Additionally, the allegations against Poor in the proposed Second Amended Complaint fail to state a claim under Rule 12(b)(6). In a nutshell, the factual allegations against Poor are sparse. Viewed in the light most favorable to Benson, all I can discern from the proposed Second Amended Complaint is that Poor, as Chief of the Galveston County Sheriff's Office, was responsible for the hiring, training, and supervision of Deputy Benavidez, and that he generally allowed deputies to use excessive force. I have already explained why the proposed negligent hiring, training, supervision, and retention claim fails as a matter of law. As far as the proposed Second Amended Complaint's § 1983 claim against Poor, there are no facts that connect Poor to the alleged unconstitutional conduct that took place when Deputy Benavidez shot Benson in July 2019.
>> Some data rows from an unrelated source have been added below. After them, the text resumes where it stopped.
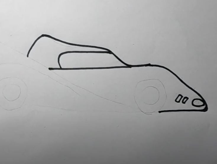 This image shows the initial sketching stage of drawing a car, emphasizing step-by-step techniques for creating vehicle illustrations, ideal for aspiring artists and learners.
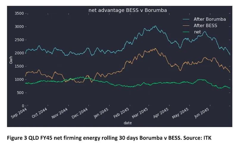 基本上,我將 Borumba 的性能與 6GW/8 小時 BESS 的性能進行了比較,方法是查看在運行筆者正在建模的任何儲能資產(chǎn)之后對堅強的剩余需求。無論是筆者還是其他任何人都沒有暗示 Borumba 可以單獨提供昆士蘭脫碳電力供應所需的所有堅強容量。
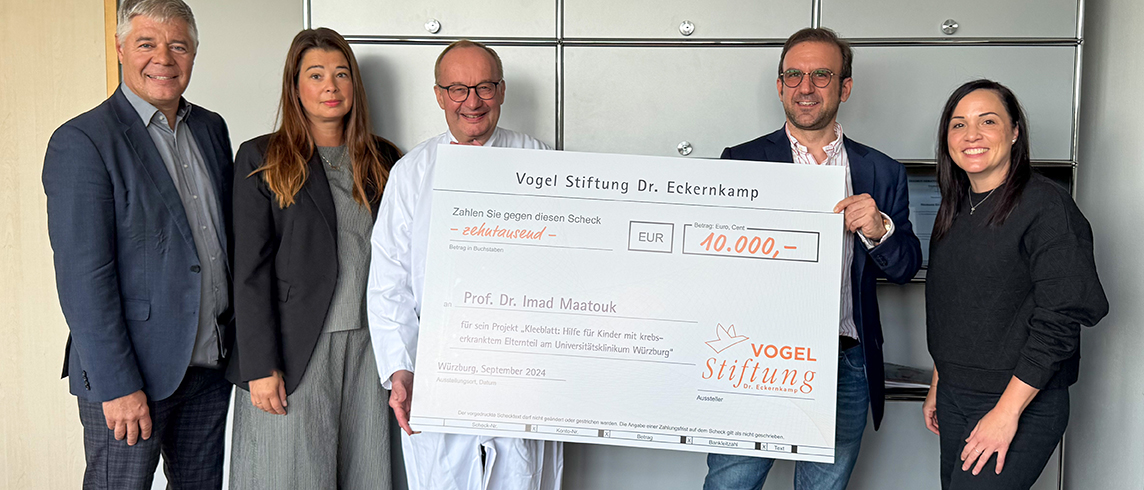 Die Vogel Stiftung Dr. Eckernkamp (Würzburg) hat dem Universitätsklinikum Würzburg (UKW) eine Spende von 10.000 Euro für das Projekt „Kleeblatt“ übergeben. Dieses Beratungsangebot richtet sich an Familien, bei denen ein Elternteil an Krebs erkrankt ist. Mit der Spende wird Lehrmaterial für Kinder bereitgestellt, das ihnen hilft, die Erkrankung ihrer Eltern besser zu verstehen. Die Eltern werden dabei unterstützt, die richtigen Worte zu finden.
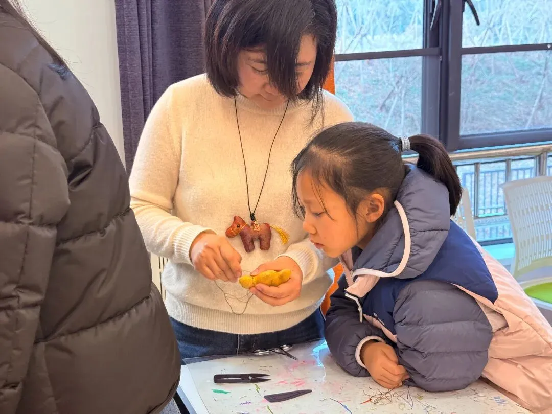 活动伊始,老师向大家展示了数件精美的布艺挂件,其中特别讲解了憨态可掬的小马挂饰,蕴含着“一马当先”的美好祝愿。随后,老师耐心介绍了如何用最传统的平针缝与回针缝技法,亲手缝制属于自己的布艺挂件。
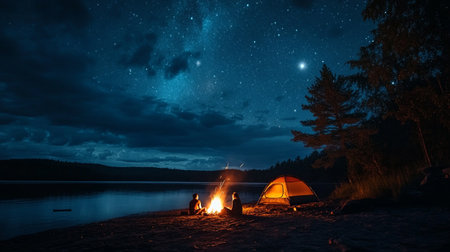 A person is sitting in a tent by a lake at night. The sky is filled with stars and the moon is visible. The scene is peaceful and serene

Given that Poor retired as Sheriff nearly a decade ago, it is hard to understand how Poor can be held responsible for a shooting that occurred six or seven years after he left office. “In order to establish supervisor liability for constitutional violations committed by subordinate employees, plaintiffs must show that the supervisor acted, or failed to act, with deliberate indifference to violations of others' constitutional rights committed by their subordinates.” Wernecke v. Garcia, 591 F.3d 386, 401 (5th Cir. 2009) (cleaned up). The proposed Second Amended Complaint sheds no light on how anything Poor did-or did not do-led to the shooting. Benson's “allegations are generic at best, providing no specific facts that rise above the speculative level.” Parker v. Blackwell, 23 F.4th 517, 525 (5th Cir. 2022). Because the proposed Second Amended Complaint does not state a colorable claim against Poor, it would be futile to give Benson yet another opportunity to amend his complaint.
See, Sheriff Freddie Poor reflects on his 45-year career, KHOU.COM (Dec. 30, 2012, 11:11 a.m.), https://www.khou.com/article/news/local/sheriff-freddie-poor-reflects-on-his-45-year-career/285-339611390.
For the reasons stated above, the Motion to Amend is DENIED.